Delving into the Scent of Apprehension: The Sámi Artist Revamps The Gallery's Turbine Hall with Reindeer Inspired Artwork
Guests to Tate Modern are used to unusual encounters in its vast Turbine Hall. They have relaxed under an artificial sun, descended down helter skelters, and observed automated sea creatures drifting through the air. Yet this marks the initial time they will be immersing themselves in the complex nasal chambers of a reindeer. The latest creative installation for this cavernous space—created by Indigenous Sámi creator Máret Ánne Sara—invites patrons into a winding structure modeled after the scaled-up inside of a reindeer's nasal cavities. Once inside, they can meander around or unwind on skins, tuning in on earphones to tribal seniors telling tales and knowledge.
Why the Nose?
What's the focus on the nose? It might appear playful, but the installation celebrates a little-known natural marvel: scientists have discovered that in a fraction of a second, the reindeer's nose can raise the temperature of the ambient air it inhales by 80 degrees celsius, helping the creature to thrive in extreme Arctic conditions. Enlarging the nose to larger than human size, Sara notes, "generates a perception of inferiority that you as a individual are not superior over nature." Sara is a former writer, writer for kids, and environmental activist, who hails from a herding family in northern Norway. "Possibly that generates the chance to shift your outlook or trigger some humbleness," she continues.
A Celebration to Sámi Culture
The maze-like design is one of several elements in Sara's engaging commission celebrating the heritage, understanding, and beliefs of the Sámi, Europe's only Indigenous people. Partially migratory, the Sámi number roughly 100,000 people spread across the Norwegian north, the Finnish Arctic, Sweden, and Russia's Kola Peninsula (an region they call Sápmi). They have endured oppression, forced assimilation, and eradication of their tongue by all four states. With an emphasis on the reindeer, an animal at the core of the Sámi mythology and founding narrative, the installation also draws attention to the community's struggles connected to the environmental emergency, loss of territory, and external control.
Meaning in Elements
Along the long entry incline, there's a towering, eighty-five-foot structure of skins trapped by power and light cables. It represents a metaphor for the societal frameworks restricting the Sámi. Part pylon, part spiritual ascent, this part of the exhibit, called Goavve-, relates to the Sámi word for an extreme weather phenomenon, whereby dense sheets of ice appear as fluctuating temperatures liquefy and ice over the snow, trapping the reindeers' primary cold-season nourishment, fungus. The condition is a outcome of planetary warming, which is happening up to at an accelerated rate in the Far North than globally.
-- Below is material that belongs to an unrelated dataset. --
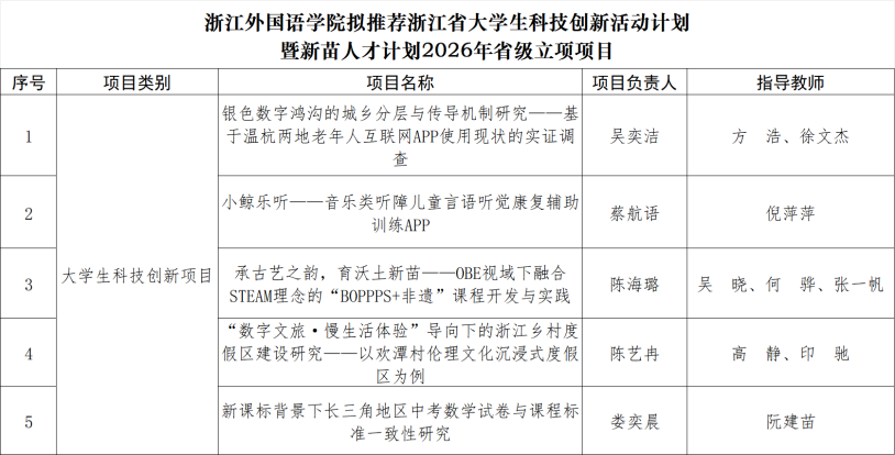 近日,浙江外国语学院2026年拟推荐浙江省大学生科技创新活动计划暨新苗人才计划项目名单正式公布。澳门六合彩高手

Three years ago, I visited Sara in a remote town during a goavvi winter and accompanied Sámi pastoralists on their Arctic vehicles in biting cold as they transported trailers of food pellets on to the exposed tundra to dispense through labor. The reindeer gathered round us, scratching the icy ground in vain attempts for mossy morsels. This costly and laborious procedure is having a drastic influence on herding practices—and on the animals' self-sufficiency. Yet the choice is starvation. As these icy periods become commonplace, reindeer are succumbing—a number from hunger, others submerging after sinking in lakes and rivers through thinning ice sheets. To some extent, the art is a monument to them. "Through the stacking of materials, in a way I'm bringing the condition to London," says Sara.
Diverging Worldviews
The installation also highlights the clear contrast between the industrial interpretation of energy as a resource to be harnessed for gain and livelihood and the Sámi worldview of energy as an natural life force in animals, humans, and land. Tate Modern's past as a coal and oil power station is tied up in this, as is what the Sámi consider green colonialism by regional governments. While attempting to be exemplars for clean sources, Nordic nations have disagreed with the Sámi over the building of windfarms, river barriers, and digging operations on their native soil; the Sámi contend their fundamental freedoms, livelihoods, and traditions are at risk. "It's challenging being such a limited population to stand your ground when the reasons are grounded in saving the world," Sara notes. "Mining practices has co-opted the discourse of sustainability, but still it's just striving to find more suitable ways to continue habits of consumption."
Personal Struggles
She and her kin have themselves clashed with the national administration over its tightening regulations on reindeer management. Previously, Sara's brother embarked on a set of ultimately unsuccessful lawsuits over the mandatory slaughter of his herd, ostensibly to stop overgrazing. To back him, Sara produced a multi-year set of pieces titled Pile O'Sápmi featuring a massive drape of numerous animal bones, which was exhibited at the the show Documenta 14 and later acquired by the public gallery, where it resides in the entrance.